◆ Brief ◆
For the records below, copy exactly the span that begins at the line containing "Сверкающее серебряное кольцо" and stops after the line containing "Trung tuần tháng", minus any pictures.

◆ Exercise inputs ◆
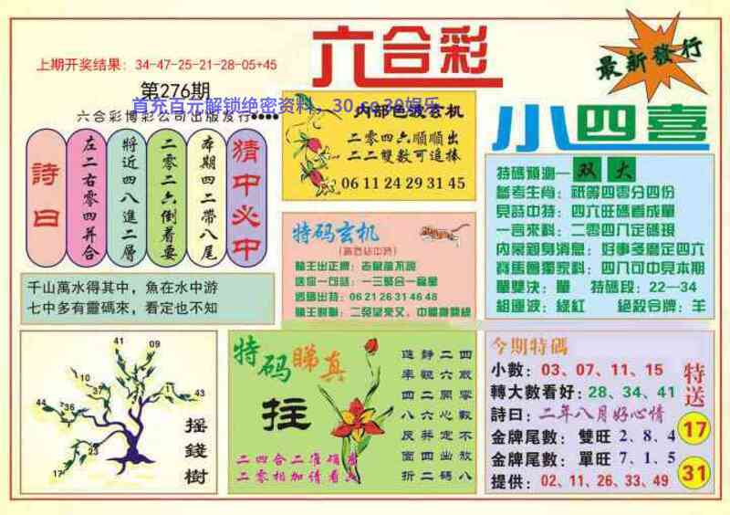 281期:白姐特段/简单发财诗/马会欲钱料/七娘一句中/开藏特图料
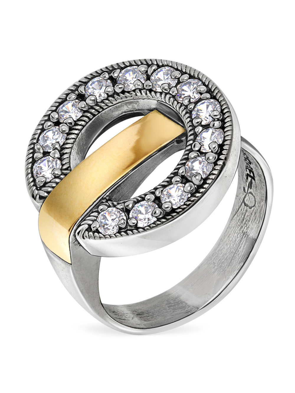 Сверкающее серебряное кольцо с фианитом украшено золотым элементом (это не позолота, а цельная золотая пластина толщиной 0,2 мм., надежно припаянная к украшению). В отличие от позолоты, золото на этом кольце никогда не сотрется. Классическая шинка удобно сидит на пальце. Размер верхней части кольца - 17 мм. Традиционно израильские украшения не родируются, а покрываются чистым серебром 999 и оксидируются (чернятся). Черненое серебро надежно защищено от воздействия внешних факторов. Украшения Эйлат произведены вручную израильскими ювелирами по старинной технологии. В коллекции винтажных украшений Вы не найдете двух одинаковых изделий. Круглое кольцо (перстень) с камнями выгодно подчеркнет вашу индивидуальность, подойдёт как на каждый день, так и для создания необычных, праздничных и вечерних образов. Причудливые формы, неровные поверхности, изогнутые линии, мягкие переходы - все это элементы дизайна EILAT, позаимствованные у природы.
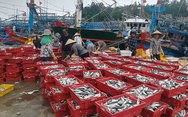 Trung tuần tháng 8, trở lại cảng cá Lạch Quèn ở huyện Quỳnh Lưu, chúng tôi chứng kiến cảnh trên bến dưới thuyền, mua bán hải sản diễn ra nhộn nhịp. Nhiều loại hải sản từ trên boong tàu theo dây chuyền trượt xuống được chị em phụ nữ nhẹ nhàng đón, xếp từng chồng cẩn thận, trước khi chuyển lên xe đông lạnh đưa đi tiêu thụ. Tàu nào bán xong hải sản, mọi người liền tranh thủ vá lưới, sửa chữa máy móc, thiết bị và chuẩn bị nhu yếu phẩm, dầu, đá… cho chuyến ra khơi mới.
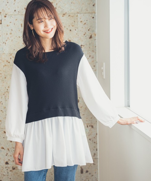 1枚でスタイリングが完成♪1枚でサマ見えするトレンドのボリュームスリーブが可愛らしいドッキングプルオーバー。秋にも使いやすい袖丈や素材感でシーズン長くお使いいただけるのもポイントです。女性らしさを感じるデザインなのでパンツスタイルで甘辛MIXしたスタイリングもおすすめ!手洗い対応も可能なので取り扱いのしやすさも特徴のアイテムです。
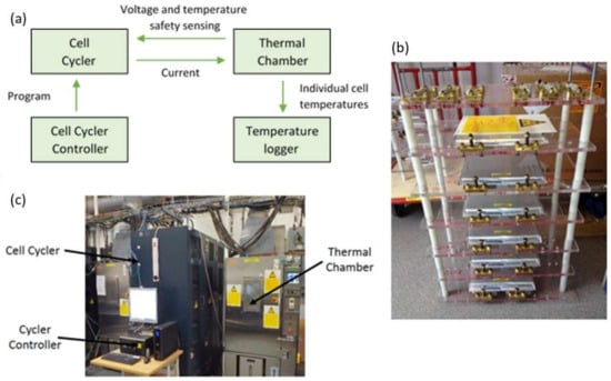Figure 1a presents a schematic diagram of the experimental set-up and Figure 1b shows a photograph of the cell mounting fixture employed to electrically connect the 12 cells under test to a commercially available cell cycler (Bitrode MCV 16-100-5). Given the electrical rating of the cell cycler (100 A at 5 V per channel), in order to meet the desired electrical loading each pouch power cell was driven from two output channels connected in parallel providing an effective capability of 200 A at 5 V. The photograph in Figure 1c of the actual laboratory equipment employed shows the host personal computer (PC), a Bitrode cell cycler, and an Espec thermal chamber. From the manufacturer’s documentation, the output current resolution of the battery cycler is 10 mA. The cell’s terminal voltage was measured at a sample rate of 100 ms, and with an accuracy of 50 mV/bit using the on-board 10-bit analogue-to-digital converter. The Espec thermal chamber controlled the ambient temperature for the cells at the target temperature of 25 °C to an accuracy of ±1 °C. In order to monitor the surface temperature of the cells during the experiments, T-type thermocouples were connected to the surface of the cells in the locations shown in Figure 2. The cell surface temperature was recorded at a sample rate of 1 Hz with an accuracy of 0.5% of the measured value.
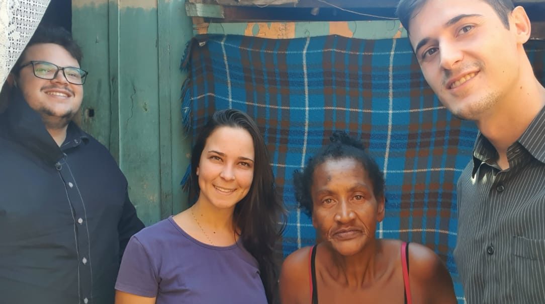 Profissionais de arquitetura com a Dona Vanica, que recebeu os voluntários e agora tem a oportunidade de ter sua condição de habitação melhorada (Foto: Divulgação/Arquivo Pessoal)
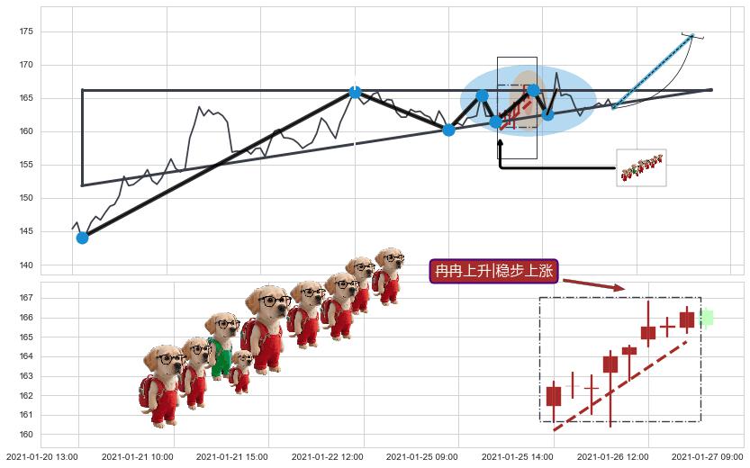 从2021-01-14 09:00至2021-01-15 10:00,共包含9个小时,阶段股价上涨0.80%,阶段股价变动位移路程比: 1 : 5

==

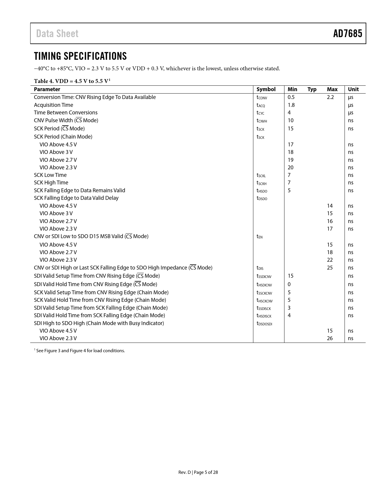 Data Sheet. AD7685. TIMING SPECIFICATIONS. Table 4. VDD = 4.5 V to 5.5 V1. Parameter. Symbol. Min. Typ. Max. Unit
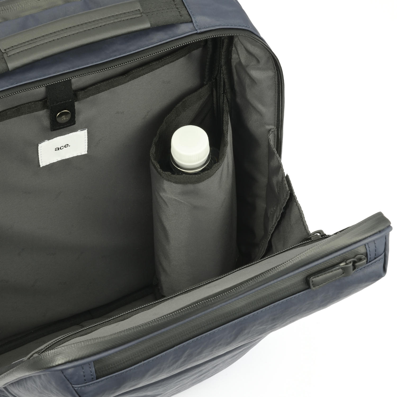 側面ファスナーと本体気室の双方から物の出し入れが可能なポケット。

* * *

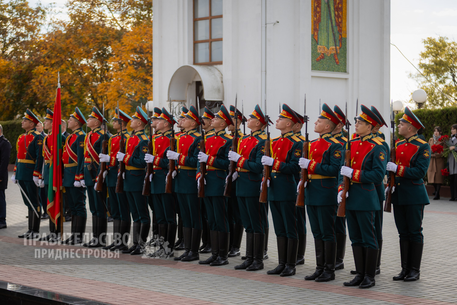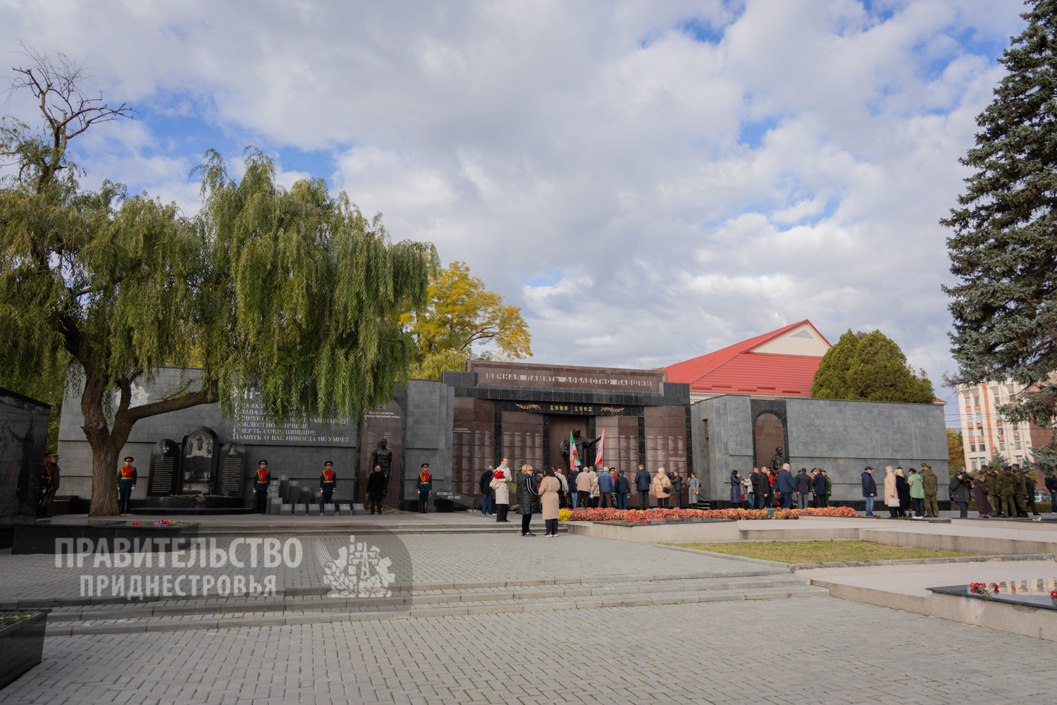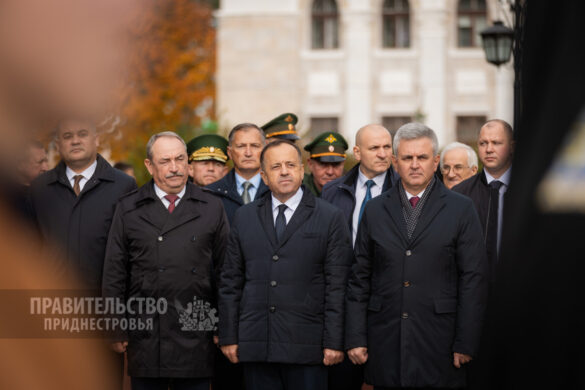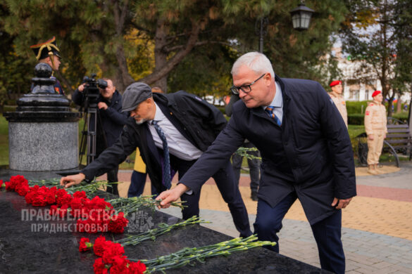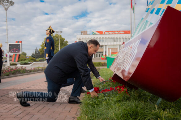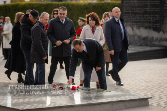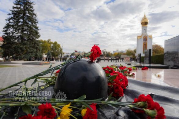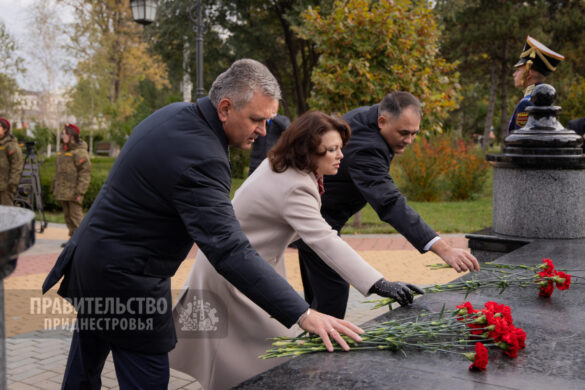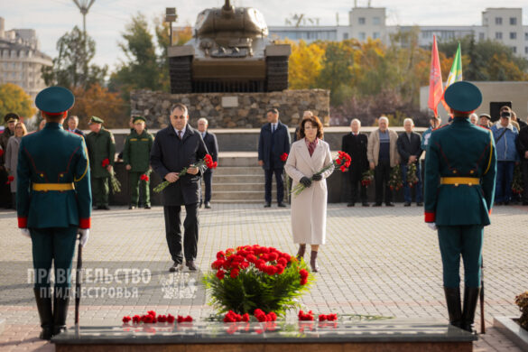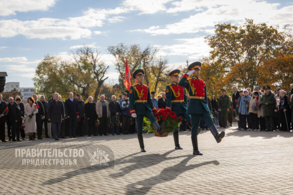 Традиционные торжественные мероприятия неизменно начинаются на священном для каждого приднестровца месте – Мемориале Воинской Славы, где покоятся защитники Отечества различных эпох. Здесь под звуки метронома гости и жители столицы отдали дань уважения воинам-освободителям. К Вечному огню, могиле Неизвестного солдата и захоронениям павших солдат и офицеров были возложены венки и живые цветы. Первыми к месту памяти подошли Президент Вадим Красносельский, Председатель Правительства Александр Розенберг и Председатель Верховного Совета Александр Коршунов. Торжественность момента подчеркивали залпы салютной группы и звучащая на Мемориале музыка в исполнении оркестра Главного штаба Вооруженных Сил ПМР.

◆ Task answer ◆
 Сверкающее серебряное кольцо с фианитом украшено золотым элементом (это не позолота, а цельная золотая пластина толщиной 0,2 мм., надежно припаянная к украшению). В отличие от позолоты, золото на этом кольце никогда не сотрется. Классическая шинка удобно сидит на пальце. Размер верхней части кольца - 17 мм. Традиционно израильские украшения не родируются, а покрываются чистым серебром 999 и оксидируются (чернятся). Черненое серебро надежно защищено от воздействия внешних факторов. Украшения Эйлат произведены вручную израильскими ювелирами по старинной технологии. В коллекции винтажных украшений Вы не найдете двух одинаковых изделий. Круглое кольцо (перстень) с камнями выгодно подчеркнет вашу индивидуальность, подойдёт как на каждый день, так и для создания необычных, праздничных и вечерних образов. Причудливые формы, неровные поверхности, изогнутые линии, мягкие переходы - все это элементы дизайна EILAT, позаимствованные у природы.
 Trung tuần tháng 8, trở lại cảng cá Lạch Quèn ở huyện Quỳnh Lưu, chúng tôi chứng kiến cảnh trên bến dưới thuyền, mua bán hải sản diễn ra nhộn nhịp. Nhiều loại hải sản từ trên boong tàu theo dây chuyền trượt xuống được chị em phụ nữ nhẹ nhàng đón, xếp từng chồng cẩn thận, trước khi chuyển lên xe đông lạnh đưa đi tiêu thụ. Tàu nào bán xong hải sản, mọi người liền tranh thủ vá lưới, sửa chữa máy móc, thiết bị và chuẩn bị nhu yếu phẩm, dầu, đá… cho chuyến ra khơi mới.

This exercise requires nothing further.